*TASK TO COMPLETE*: Two lines in the data below mark the range: the one with "ISGW is closed" and the one with "CD57+ cells (%)". Return both, along with every line between them, exactly.

*DATA FOR PROCESSING*:
++++++++

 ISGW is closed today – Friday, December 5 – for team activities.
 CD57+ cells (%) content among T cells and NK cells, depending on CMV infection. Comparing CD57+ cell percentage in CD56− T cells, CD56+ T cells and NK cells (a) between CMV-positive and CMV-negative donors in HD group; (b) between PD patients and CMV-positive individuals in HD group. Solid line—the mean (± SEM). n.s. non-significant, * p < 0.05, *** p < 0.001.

++++++++

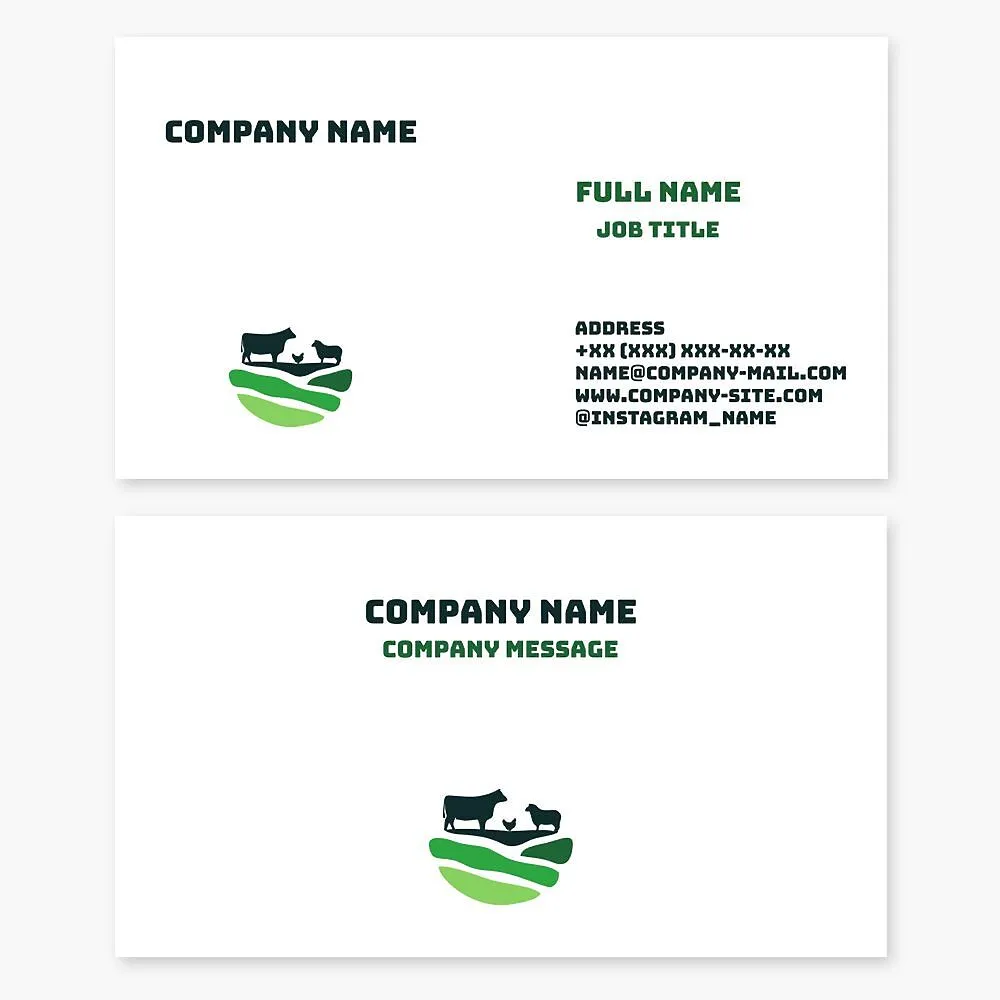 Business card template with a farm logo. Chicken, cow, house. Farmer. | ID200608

++++++++

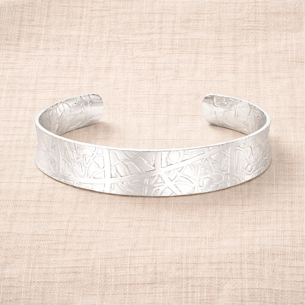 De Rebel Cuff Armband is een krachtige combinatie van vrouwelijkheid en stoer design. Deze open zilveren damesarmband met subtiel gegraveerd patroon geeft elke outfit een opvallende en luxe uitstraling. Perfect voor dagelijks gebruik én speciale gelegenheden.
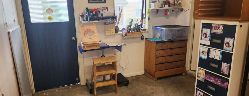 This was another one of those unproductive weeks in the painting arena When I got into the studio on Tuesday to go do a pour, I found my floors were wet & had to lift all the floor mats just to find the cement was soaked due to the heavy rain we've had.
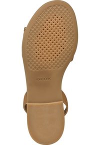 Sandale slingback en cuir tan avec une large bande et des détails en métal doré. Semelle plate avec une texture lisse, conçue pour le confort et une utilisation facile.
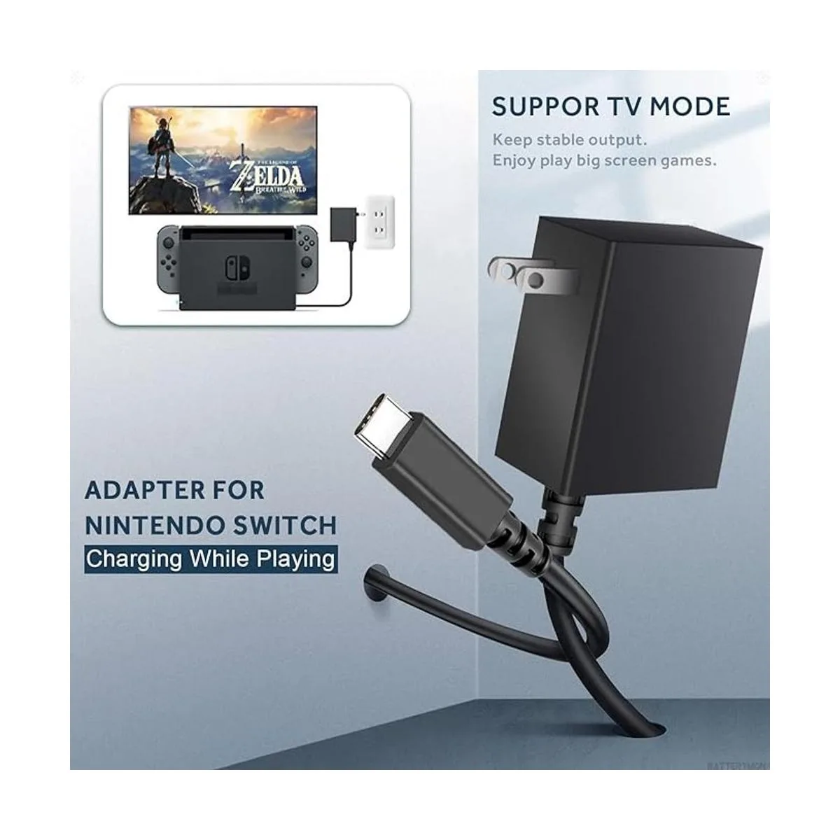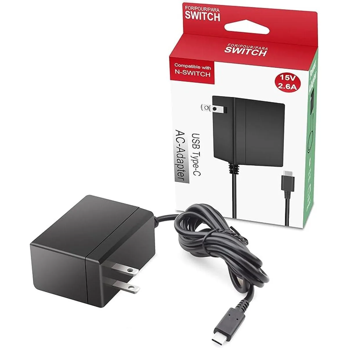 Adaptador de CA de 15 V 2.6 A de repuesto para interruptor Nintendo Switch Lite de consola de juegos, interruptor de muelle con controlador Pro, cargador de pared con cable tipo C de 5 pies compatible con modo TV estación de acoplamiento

++++++++

*EXERCISE SOLUTION*:
 ISGW is closed today – Friday, December 5 – for team activities.
 CD57+ cells (%) content among T cells and NK cells, depending on CMV infection. Comparing CD57+ cell percentage in CD56− T cells, CD56+ T cells and NK cells (a) between CMV-positive and CMV-negative donors in HD group; (b) between PD patients and CMV-positive individuals in HD group. Solid line—the mean (± SEM). n.s. non-significant, * p < 0.05, *** p < 0.001.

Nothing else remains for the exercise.